##### GIVEN DATA #####

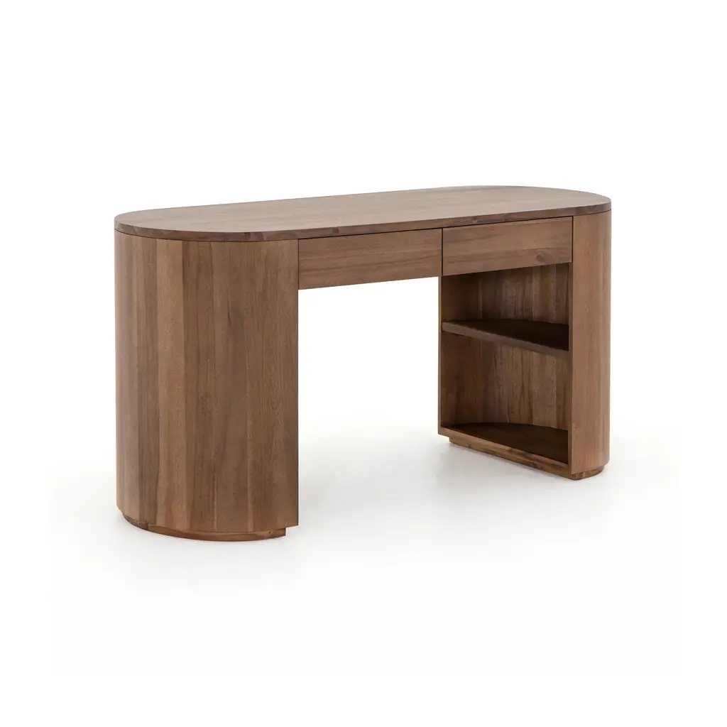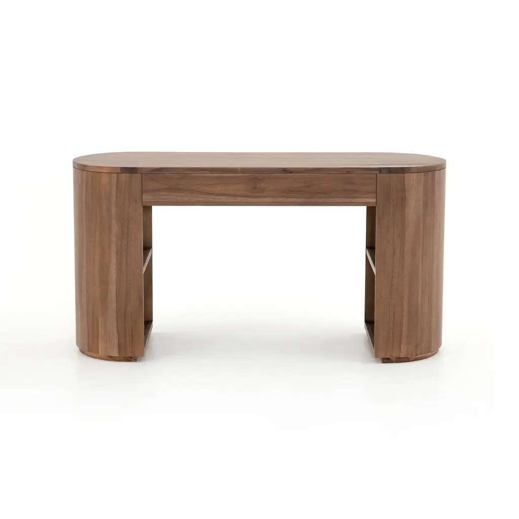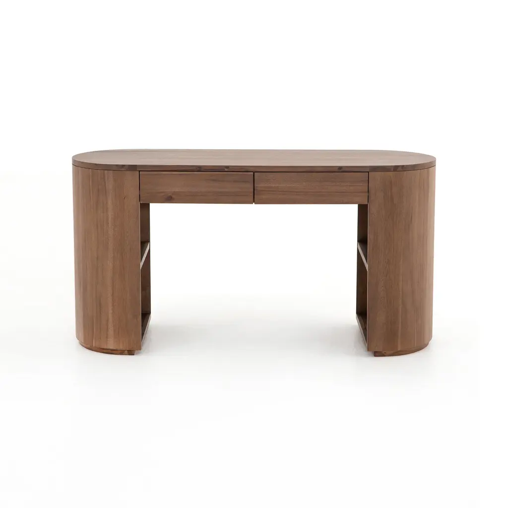 Create a timeless modern office with the Pilar Desk from Four Hands. Crafted from warm caramel brown-finished acacia wood, this Eighties-inspired piece showcases a pill shape, half-cylinder bases, and two top pencil drawers for keeping supplies close at hand. Each detail combines to create an unmistakably luxe feel, ensuring your space is nothing but the best. Highlights
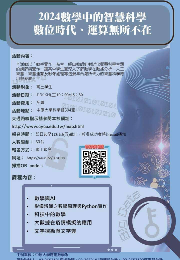 讓各位高中學生更深入了解數學在數據分析、人工智慧、智慧運算及
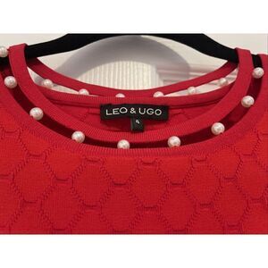Leo & UGO Women RED Pullover Sweater With Pearl Neck And Sleeve Size 4 Holiday. Condition is Pre-owned. Shipped with USPS Ground Advantage.
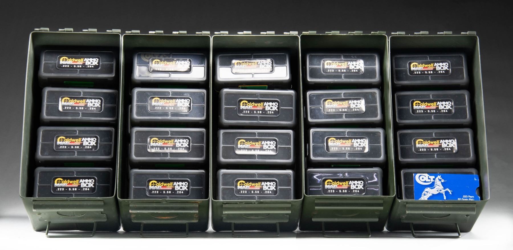 5 US GI style 50 cal. cans having 400 rounds each repacked within Caldwell 50 round plastic ammo boxes. Originally packed in blue 20 round boxes with Colt logo marked "62 Grain FMJ" as made in Russia by Barnaul for Colt. Cartridge cases are zinc coated steel. One side of original Colt box per can. (02-24640-7/NW). AMMO. $450-600.
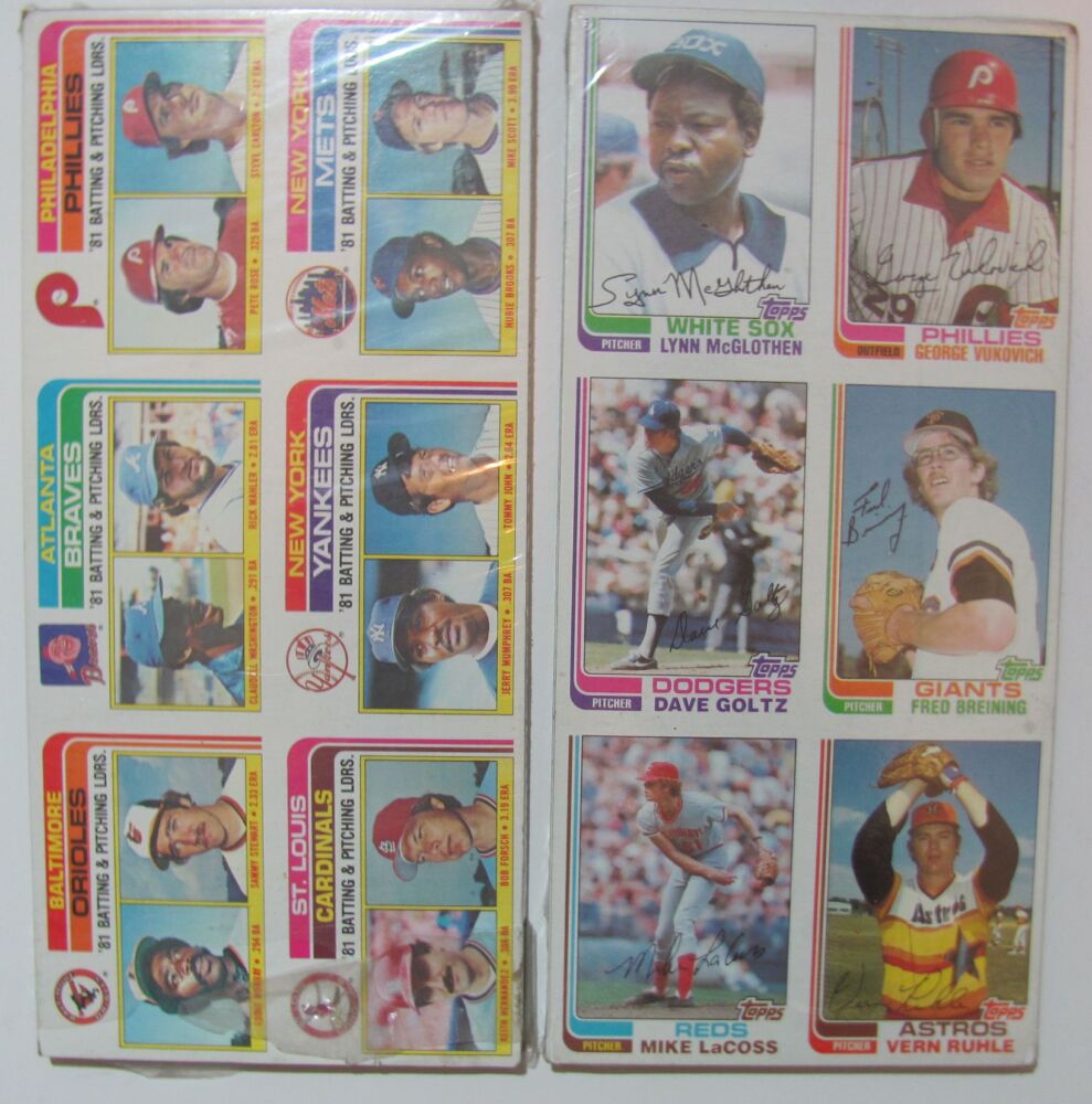 This lot contains 2 packs of 19821 Topps cards. They are in uncut sheets with 6 cards per sheet. Both are factory wrapped with a price sticker. The wrapping on one of the packs is torn on the back.
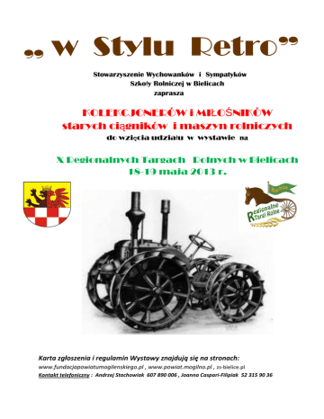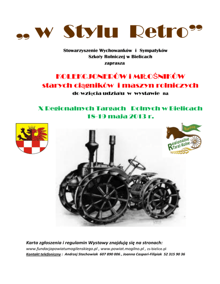 „ w Stylu Retro” Stowarzyszenie Wychowanków i Sympatyków Szkoły Rolniczej w Bielicach zaprasza KOLEKCJONERÓW i MIŁOŚNIKÓW starych ciągników i maszyn rolniczych do wzięcia udziału w wystawie na X Regionalnych Targach Rolnych w Bielicach 18-19 maja 2013 r. Karta zgłoszenia i regulamin Wystawy znajdują się na stronach: www.fundacjapowiatumogilenskiego.pl , www.powiat.mogilno.pl , zs-bielice.pl Kontakt telefoniczny : Andrzej Stachowiak 607 890 006 , Joanna Caspari-Filipiak 52 315 90 36
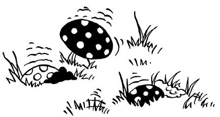 Пикник был в самом разгаре, когда Фрэнни заметила кое-что странное. Она разглядывала лужайку и чуть не ахнула, когда поняла, что земля как будто вспухает. Девочка пригляделась и через мгновение удивлённо увидела, как, вспоров траву, из-под земли выросли шесть кочек.
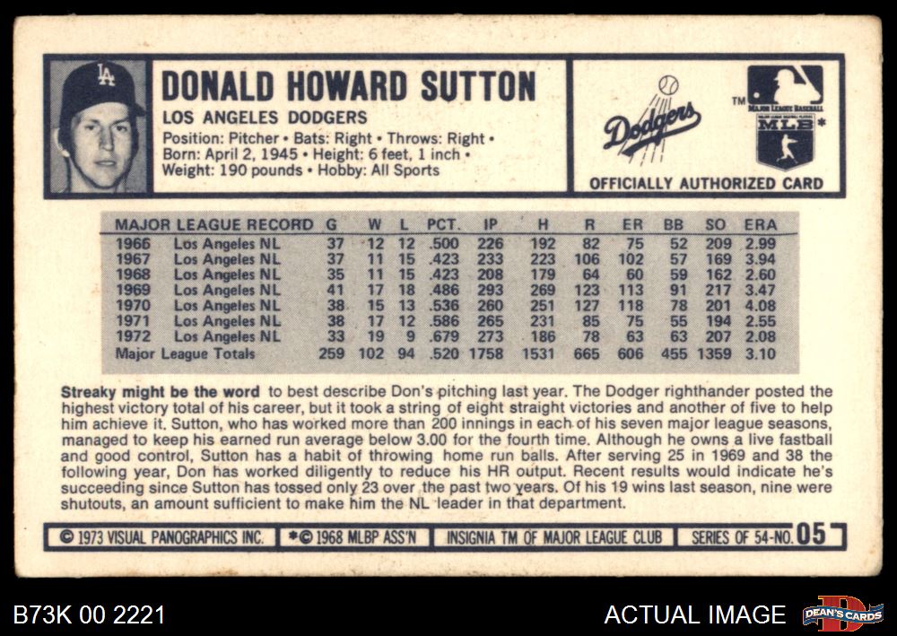 1973 Kellogg's #5 Don Sutton 4 - VG/EX

#####

• _TASK INSTRUCTIONS_
Transcribe exactly, and only, the lines from the line with "52 315 90 36" through the last line of the records, inclusive; the pictures do not belong in the copy.

• _RESULT OF THE EXERCISE_
 „ w Stylu Retro” Stowarzyszenie Wychowanków i Sympatyków Szkoły Rolniczej w Bielicach zaprasza KOLEKCJONERÓW i MIŁOŚNIKÓW starych ciągników i maszyn rolniczych do wzięcia udziału w wystawie na X Regionalnych Targach Rolnych w Bielicach 18-19 maja 2013 r. Karta zgłoszenia i regulamin Wystawy znajdują się na stronach: www.fundacjapowiatumogilenskiego.pl , www.powiat.mogilno.pl , zs-bielice.pl Kontakt telefoniczny : Andrzej Stachowiak 607 890 006 , Joanna Caspari-Filipiak 52 315 90 36
 Пикник был в самом разгаре, когда Фрэнни заметила кое-что странное. Она разглядывала лужайку и чуть не ахнула, когда поняла, что земля как будто вспухает. Девочка пригляделась и через мгновение удивлённо увидела, как, вспоров траву, из-под земли выросли шесть кочек.
 1973 Kellogg's #5 Don Sutton 4 - VG/EX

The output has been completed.